Local History Thursday: The Driggs Mansion

The Driggs Mansion with Thimble Rock in the background.

Within the first few months of moving to Grand Junction, I went out for a cloudy day drive on Highway 141 up to Gateway, Colorado. This day trip had been recommended to me by many locals for its incredible beauty, and those recommendations were 100% accurate.  With sweeping canyon views, verdant sagebrush fields and plentiful open space, the landscape beckons you to stay a little longer than planned.
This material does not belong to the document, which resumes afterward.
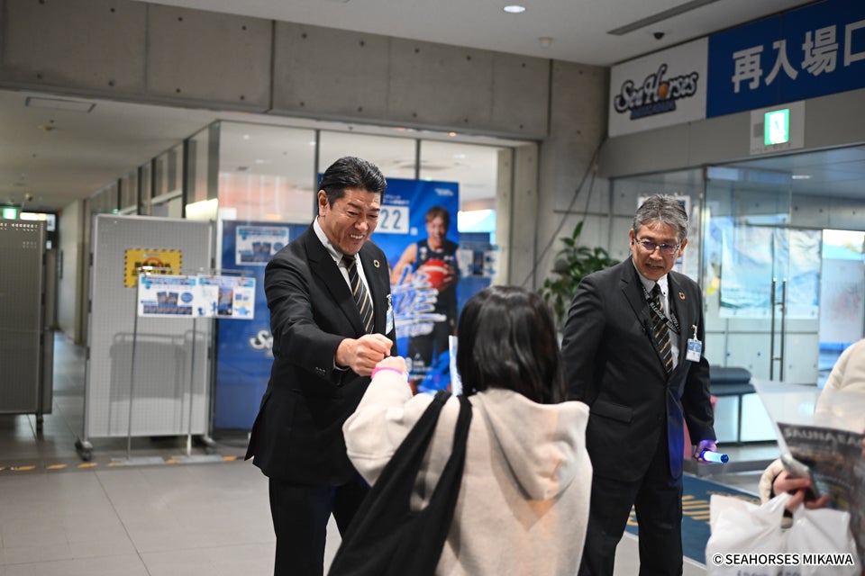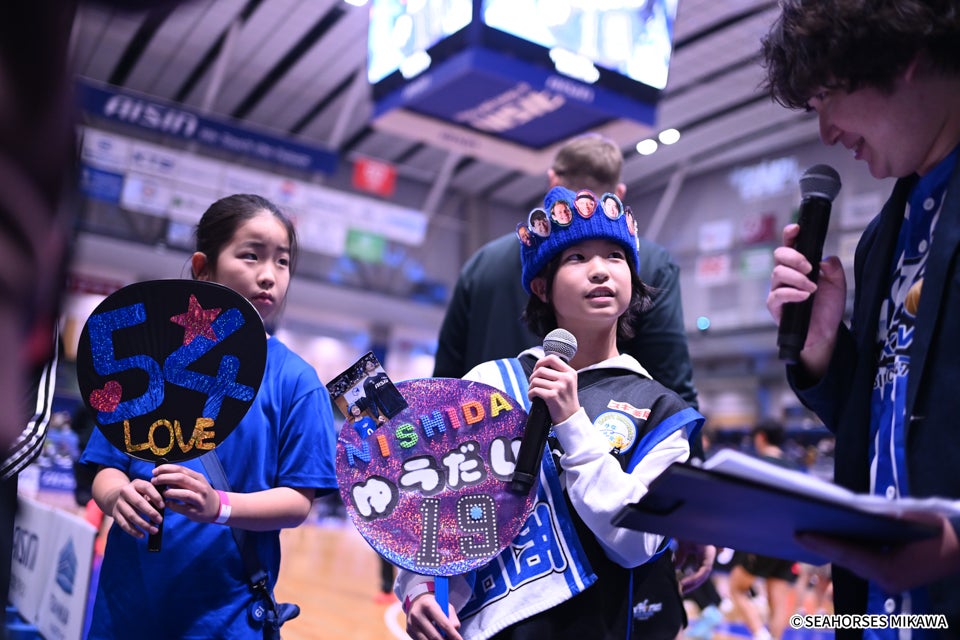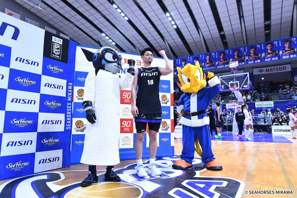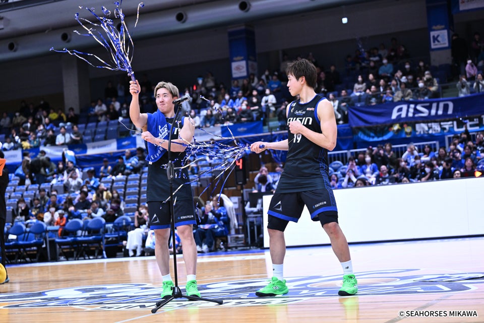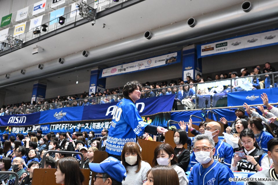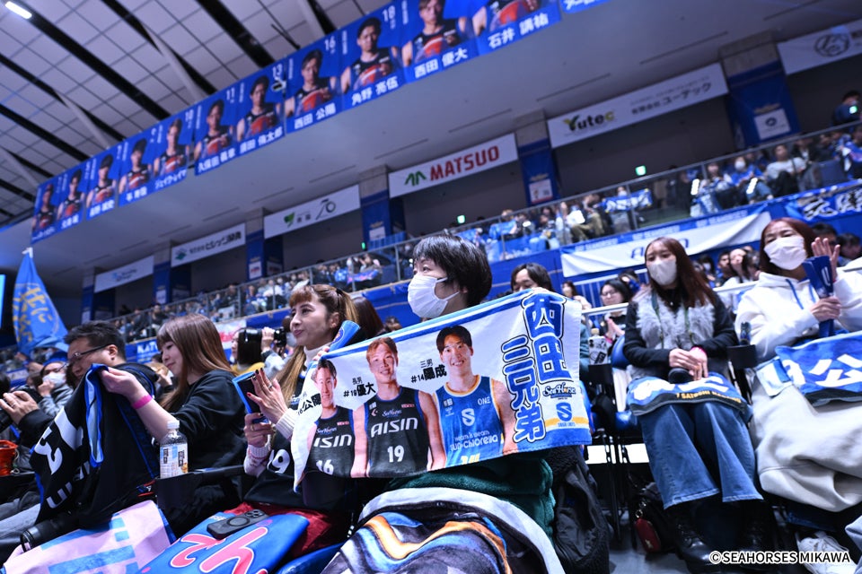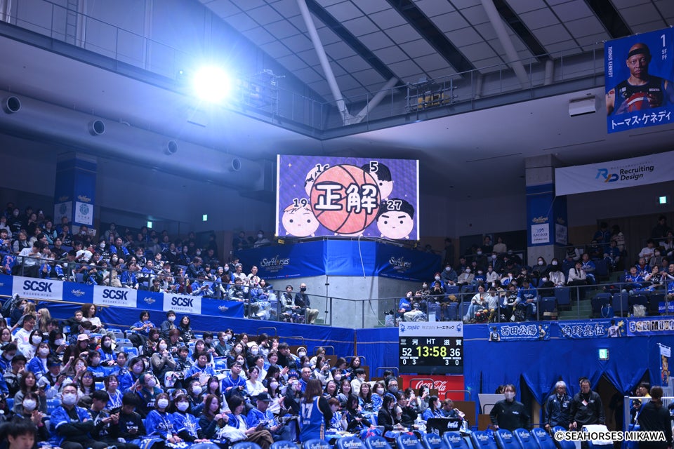 また、スターティングファイブ紹介時には、昨シーズンまで三河に在籍したオーガスト選手の凱旋を歓迎する映像が流れ、三河のファン・ブースターからも温かい拍手が送られていた。

It’s possible that William B. Foy felt the same way when he arrived in Gateway in 1901.  William is the grandfather of Mesa County Oral History Project interviewee Nellie (Foy) Massey, and was part of one of the first families to migrate from Moab, Utah to settle and help name the town of Gateway.   Nellie’s husband Weston Massey sums up the general feeling settlers experienced living in the Gateway area: “No matter the hardships, if you get to live in this part of the country you’re lucky.”

One of the most eye-catching historical structures of Mesa County still standing near Gateway is the Driggs Mansion in Unaweep Canyon.  In 1914 a new pioneer to the area named Laurence LaTourette Driggs filed a homestead claim for a plot of land.  This is the spot where the six room stone Driggs Mansion came to fruition four years later.  To build his Unaweep Canyon dream home, Driggs hired renowned Grand Junction stone mason Nunzio Grasso, who also built Mesa County’s Redlands Community Center, the Lincoln Park golf club house, and Fruita’s Sacred Heart Catholic Church.  The structure is now on the Colorado National Historic Registry, whose website states that the stones used to build Driggs Mansion were gathered from Mayflower Canyon across the road from the homestead.

As the story goes, the extravagant building created for Laurence and his wife was only utilized for a few weeks before the wife decided that the Western lifestyle was not for her.  The couple sold the property in 1923 and according to “Whitewater” by Carol M. Anderson, the homestead eventually became a hunting lodge called Chateau Thimblerock. Time mixed with vandalism has crumbled the structure to half its original glory, but the site still stands as a reminder of the county’s extensive pioneer past.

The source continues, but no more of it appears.